As I explored Fiverr.com, I realized some freelancers could produce the novel for about $5,000, but it was still too expensive. Also, the work of creating a character list of how to pronounce the many names and settings seemed challenging to do over a Zoom meeting or many emails.

ElevenLabs.io, which I’m really fond of, was a potential solution. But it would require that I get the $330 / month plan due to the word count. It also required writing out uncertain words and have them spelled out. For example, a pizzeria called Rosario’s would need to be re-typed to Rose-air-ee-ohs so that the AI tool could understand the correct way to pronounce the word.

A Free Solution?

For ebook syndication, I use Draft2Digital, which I recently discovered is an approved partner of Apple Books, and allows authors to generate audiobooks using Apple Books AI digital narration for FREE! All that you have to do is pick out the ideal voice to represent your novel and let the AI tool spend a few weeks with your ebook. It’s currently restricted to categories of romance, fiction, mystery and thriller, or science fiction and fantasy.

When I received notification that my novel Be Home By Dinner was published on Apple Books, I smiled because I knew that that there was no way in hell that the AI tool could possibly have nailed the dozens of character names, locations, 1980s pop culture references and more. I questioned how did it make a leap of faith in determining pronunciations. Why was I even participating in this? Was I just helping the Apple Books AI tool get smarter at my own expense?

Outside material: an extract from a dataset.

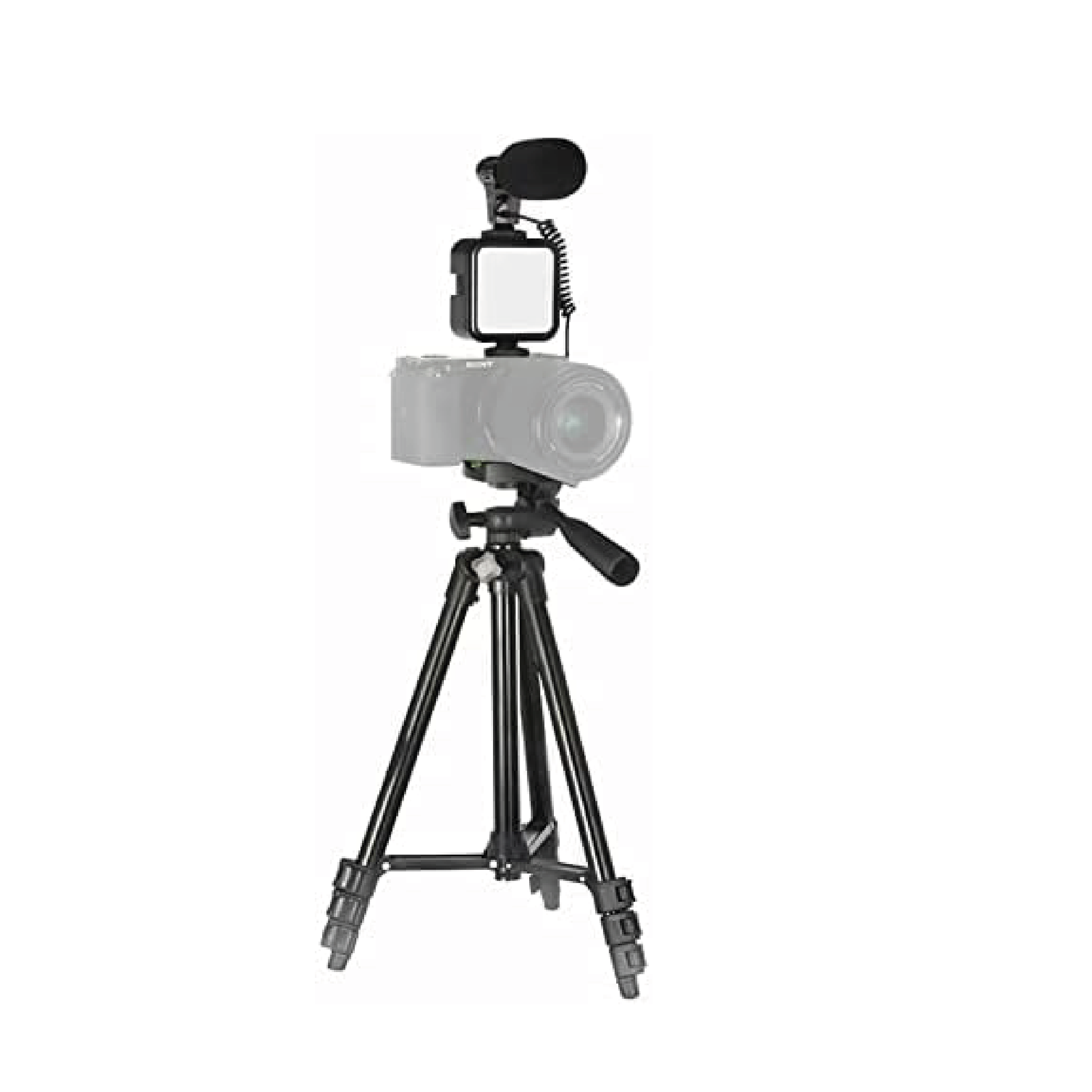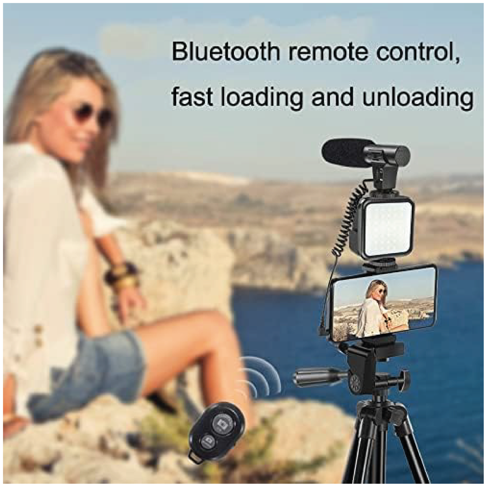 Este kit está diseñado para la creación de contenido de video de alta calidad, ideal para vloggers, streaming y grabaciones móviles. Incluye un trípode ajustable, iluminación LED, micrófono y soporte universal para teléfono.

On initial listen, I enjoyed the character voice that I had chosen. He was suitable for suspense, which is the genre of the novel. But… the “audiobooks without the overhead” definitely had its fair share of issues.

What Fell Apart With The AI Produced Audiobook

Character Names

I figured this would happen. But some character names, like Kova (the antagonist) took on a different pronunciation at different parts of the book. Sometimes it was Koo-Vah. Other times it was Kah-Vah. And sometimes it was the correct Koe-Vah. The name kept morphing, as if the AI narrator couldn’t agree on what to call this character, which I found odd since it’s a simple 4-letter name.

Author Name

Yes, even my name was butchered. Instead of stating Franke with a silent “E”, they included a hard “E”, like Frankie Goes To Hollywood. I felt like I was back in high school during role call with a new teacher.

What I Miss About A Human Narrator

Mouth Noises

Yes, it sounds weird and gross, but I missed sounds of the human element. Fake breath noises are not part of the AI equation yet, let alone lip smacking or air sneaking through teeth. The AI voice is a bit dry and sterile, with a clockwork tempo. At times you want to rattle the robot and have it take a shot of whiskey to loosen up and expand its range.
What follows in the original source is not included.